= Authentic learning =

Educational approach

In education, authentic learning is an instructional approach that allows students to explore, discuss, and meaningfully construct concepts and relationships in contexts that involve real-world problems and projects that are relevant to the learner. It refers to a "wide variety of educational and instructional techniques focused on connecting what students are taught in school to real-world issues, problems, and applications. The basic idea is that students are more likely to be interested in what they are learning, more motivated to learn new concepts and skills, and better prepared to succeed in college, careers, and adulthood if what they are learning mirrors real-life contexts, equips them with practical and useful skills, and addresses topics that are relevant and applicable to their lives outside of school."

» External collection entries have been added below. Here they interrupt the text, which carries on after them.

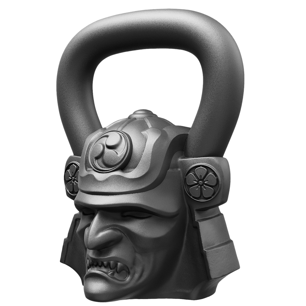 Эта гиря выполнена в виде головы древнего воина в шлеме. Зубы воина злобно оскалены, лицо выражает агрессию и ярость битвы, он в любой момент готов напасть, не ведая ни страха, ни боли. На шлеме изображена трехлучевая свастика, или трискелион — это древний символ удачи и триединства, трех миров: верхнего, нижнего и мира людей. Этот символ дает воину победу иделает его непобедимым в трех мирах, с кем бы он ни сражался, будь то смертные или злые духи. В японской геральдике (Камон) этот символ (Томоэ-мон) обозначает – Вечность. По бокам на шлеме воина изображены цветы (китайский колокольчик - Кикё-мон), они напоминают о том, что воин не бессмысленно жесток — он защищает то, что ему дорого: мирных людей, родную землю и саму жизнь. У самураев это символ постоянства и ответственности. Такая гиря поднимет своим видом боевой дух и даст силы и мужество тренироваться, что бы победить всех! Ведь прежде, чем одержать победу над врагами, воин должен победить самого себя, избавившись от внутренних слабостей с помощью могучей силы воли.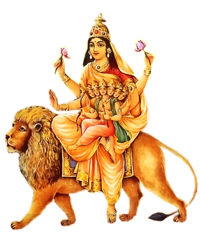 पुराणअनुसार विभिन्न समयमा माता पार्वतीले लिएको रूपलाई नै नवदुर्गा भनेर पूजा आराधना गर्ने परम्परा चलेको हो। मार्कण्डेय पुराणअन्तर्गत देवीमाहत्म्य अनुसार नवदुर्गा भन्नाले शैलपुत्री, ब्रह्मचारिणी, चन्द्रघण्टा, कुष्माण्डा, स्कन्दमाता, कात्यायनी, कालरात्री, महागौरी र सिद्धिदात्री हुन्।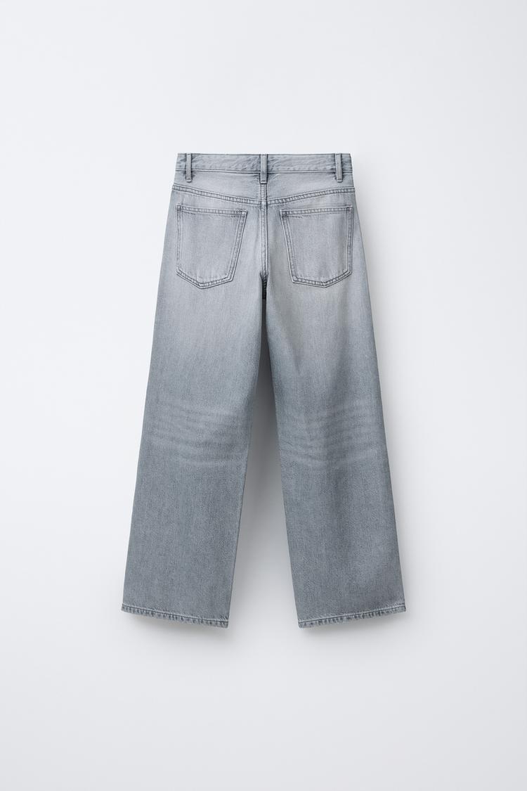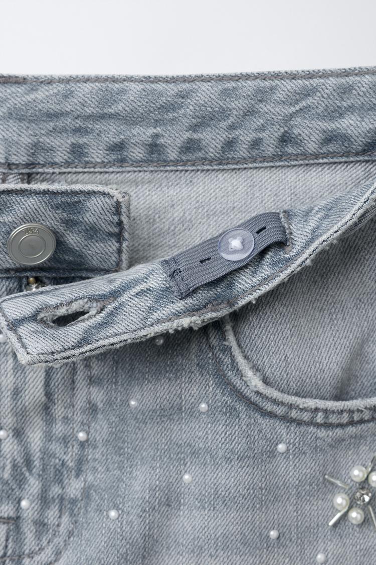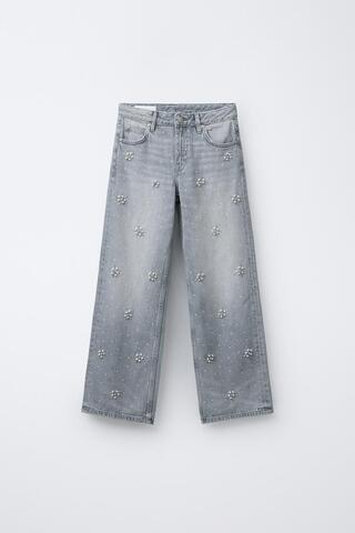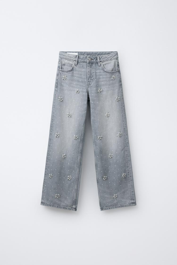 ZARA ДЖИНСЫ ШИРОКОГО КРОЯ СО СТРАЗАМИ И ЖЕМЧУЖИНАМИ, СИНИЙ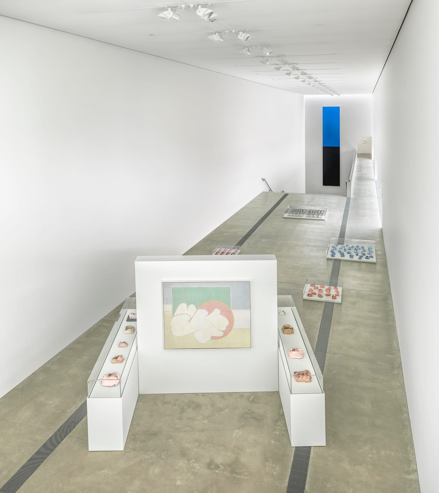 A few steps away from her more abstract artscape, Wilke’s more sexually graphic and overtly political work takes on new resonance. Tucked behind (and in tension with) a towering masculine totem by Ellsworth Kelly, on permanent view at the Pulitzer, two galleries focus on Wilke’s 1970s output. Fourteen varicolored gum sculptures peek out from small Plexiglas boxes — resembling at once the vagina and the tip of a penis. Affixed to an assembly of vintage postcards of famous international monuments — the Coliseum, Lincoln Memorial, West Point — kneaded erasers folded into similar genitalia suggest the absence of women in places of power.

Authentic instruction will take on a much different form than traditional teaching methods. In the traditional classroom, students take a passive role in the learning process. Knowledge is considered to be a collection of facts and procedures that are transmitted from the teacher to the student. In this view, the goal of education is to possess a large collection of these facts and procedures. Authentic learning, on the other hand, takes a constructivist approach, in which learning is an active process. Teachers provide opportunities for students to construct their own knowledge through engaging in self-directed inquiry, problem solving, critical thinking, and reflections in real-world contexts. This knowledge construction is heavily influenced by the student's prior knowledge and experiences, as well as by the characteristics that shape the learning environment, such as values, expectations, rewards, and sanctions. Education is more student-centered. Students no longer simply memorize facts in abstract and artificial situations, but they experience and apply information in ways that are grounded in reality.

== Characteristics ==

There is no definitive description of authentic learning. Educators must develop their own interpretations of what creates meaning for the students in their classrooms. However, the literature suggests that there are several characteristics of authentic learning. It is important to note that authentic learning tasks do not have to have all the characteristics. They can be thought of as being on a spectrum, with tasks being more or less authentic. The characteristics of authentic learning include the following:
- Authentic learning is centered on authentic, relevant, real-world tasks that are of interest to the learners.
- Students are actively engaged in exploration and inquiry.
- Learning, most often, is interdisciplinary. It requires integration of content from several disciplines and leads to outcomes beyond the domain-specific learning outcomes.
- Learning is closely connected to the world beyond the walls of the classroom.
- Students become engaged in complex tasks and higher-order thinking skills, such as analyzing, synthesizing, designing, manipulating, and evaluating information.
- Learning begins with a question or problem, which cannot be constricting in that it allows the student to construct their own response and inquiry. The outcome of the learning experience cannot be predetermined.
- Students produce a product that can be shared with an audience outside the classroom. These products have value in their own right, rather than simply for earning a grade.
- The resulting products are concrete allowing them to be shared and critiqued; this feedback allows the learner to be reflective and deepen their learning.
- Learning is student driven, with tutors, peers, teachers, parents, and outside experts all assisting and coaching in the learning process.
- Learners employ instructional scaffolding techniques at critical times.
- Students have opportunities for social discourse, collaboration, and reflection.
- Ample resources are available.
- Assessment of authentic learning is integrated seamlessly within the learning task in order to reflect similar, real world assessments. This is known as authentic assessment and is in contrast to traditional learning assessments in which an exam is given after the knowledge or skills have hopefully been acquired.
- Authentic learning provides students with the opportunity to examine the problem from different perspectives, which allows for competing solutions and a diversity of outcomes instead of one single correct answer.
- Students are provided the opportunity for articulation of their learning process and/or final learning product.

== Five standards ==

While there has been much attention given to educational standards for curriculum and assessment, "the standards for instruction tend to focus on procedural and technical aspects, with little attention to more fundamental standards of quality." The challenge is not simply to adopt innovative teaching techniques but to give students the opportunity to use their minds well and to provide students with instruction that has meaning or value outside of achieving success in school.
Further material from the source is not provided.